Por que ver: embora no fundo seja meio meloso, é também o filme mais maluco da temporada. Onde mais se vê pessoas que têm salsichas no lugar dos dedos? Onde mais se vê — e se ouve! — rochas filosofando à beira de um penhasco? Onde mais uma pochete e um dildo anal serão peças fundamentais em impressionantes cenas de ação? Aliás, em que título de ação vamos encontrar referências tão surpreendentes quanto àquelas a Amor à Flor da Pele (2000), romance já clássico de Wong Kar-wai ambientado na Hong Kong da década de 1960, e a Ratatouille (2007), a oscarizada animação da Pixar sobre a aliança firmada entre um rato cozinheiro e um jovem auxiliar em um famoso restaurante em Paris?
Um Herói (2021)
De Asghar Farhadi. O diretor é iraniano e a história se passa no Irã, mas Um Herói entrou na seleção do Festival Varilux porque a produtora e distribuidora, a Memento Films, é da França. Na trama, Rahim (Amir Jadidi) está na prisão devido a uma dívida que não conseguiu pagar. Durante uma licença de dois dias, ele tenta convencer o seu credor a retirar a sua queixa mediante o pagamento de parte da quantia. Mas as coisas não correm de acordo com o plano… Sessões no Cine Grand Café: 28/6, às 18h40min, e 1/7, às 16h55min. Sessões no Espaço Bourbon Country: 27/6, às 18h25min.
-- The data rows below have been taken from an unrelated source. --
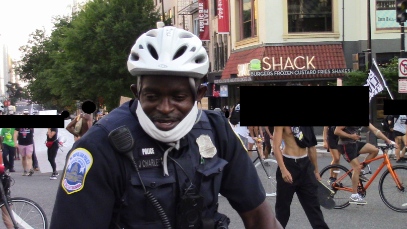 As usual, many cops including a senior "white-shirt" defied regulations imposed on MPD requiring them to wear masks while interacting with the public. Bowser's mask law does exempt them but this regulation does NOT.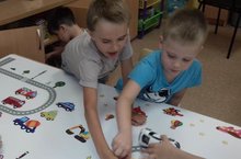 В старшей группе №6 ребята совместно с воспитателем начали изготовление макета «Безопасная дорога». Данный макет представляет собой игровое наглядное пособие по изучению ПДД и безопасности дорожного движения дошкольников. Работа только началась, потребуется еще сделать объемные фигурки домов, дорожных знаков, деревьев. Ребята с большим интересом включились в работу.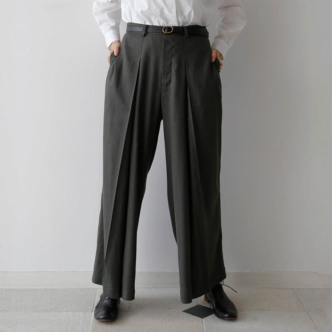 タックが生み出す立体的なフォルムで、裾に向かって広がるラインが美しい。ダーツを入れてウエスト周りはすっきり、裾はゆとりをもたせて、軽やかなシルエットに仕上がりました。

Por que ver: com dois Oscar de melhor filme internacional no currículo — A Separação (2011), também vencedor do Urso de Ouro no Festival de Berlim, e O Apartamento (2016) —, Farhadi é hábil em lançar mão dos códigos do suspense, do policial e do drama de tribunal para refletir sobre a sociedade contemporânea em seu país e retratar conflitos familiares. Em Um Herói, o cineasta apresenta uma história kafkiana, mas com um protagonista ambíguo. Aliás, seus personagens não são mocinhos nem vilões, mas pessoas que, diante das circunstâncias, do azar, da pressão ou das oportunidades, podem conquistar ou falhar. Nós, como espectadores, somos instigados a nos posicionar em situações complexas nas quais todos os envolvidos têm um pouco de razão — logo, injustiças são frequentes, ainda mais em um mundo ultramidático e apressado como o atual.
Uma Mulher Alta (2019)
De Kantemir Balagov. Na Leningrado dos últimos meses de 1945, a taciturna Ilya, a Grandona (personagem interpretada por Viktoria Miroshnichenko) é uma jovem ex-combatente acometida por um transtorno de estresse pós-traumático. Ela trabalha em um hospital para veteranos da Segunda Guerra Mundial na companhia de outra mulher que lutou contra os alemães, a radiante Masha (Vasilisa Perelygina), que deseja gerar um filho como forma de se afastar da morte. Sessões no Cine Farol Santander, de quinta (23) a quarta (29), sempre às 15h.
Por que ver: antes de encarar Uma Mulher Alta, cabe ao espectador examinar bem seu estado de espírito e sua disposição. É um filme de ritmo vagaroso (o que contribui para sua duração de duas horas e 17 minutos) e triste, muito triste. Mas também é pleno de força e oferece momentos sublimes. Não à toa, Balagov ganhou o troféu de melhor direção na mostra Um Certo Olhar do Festival de Cannes.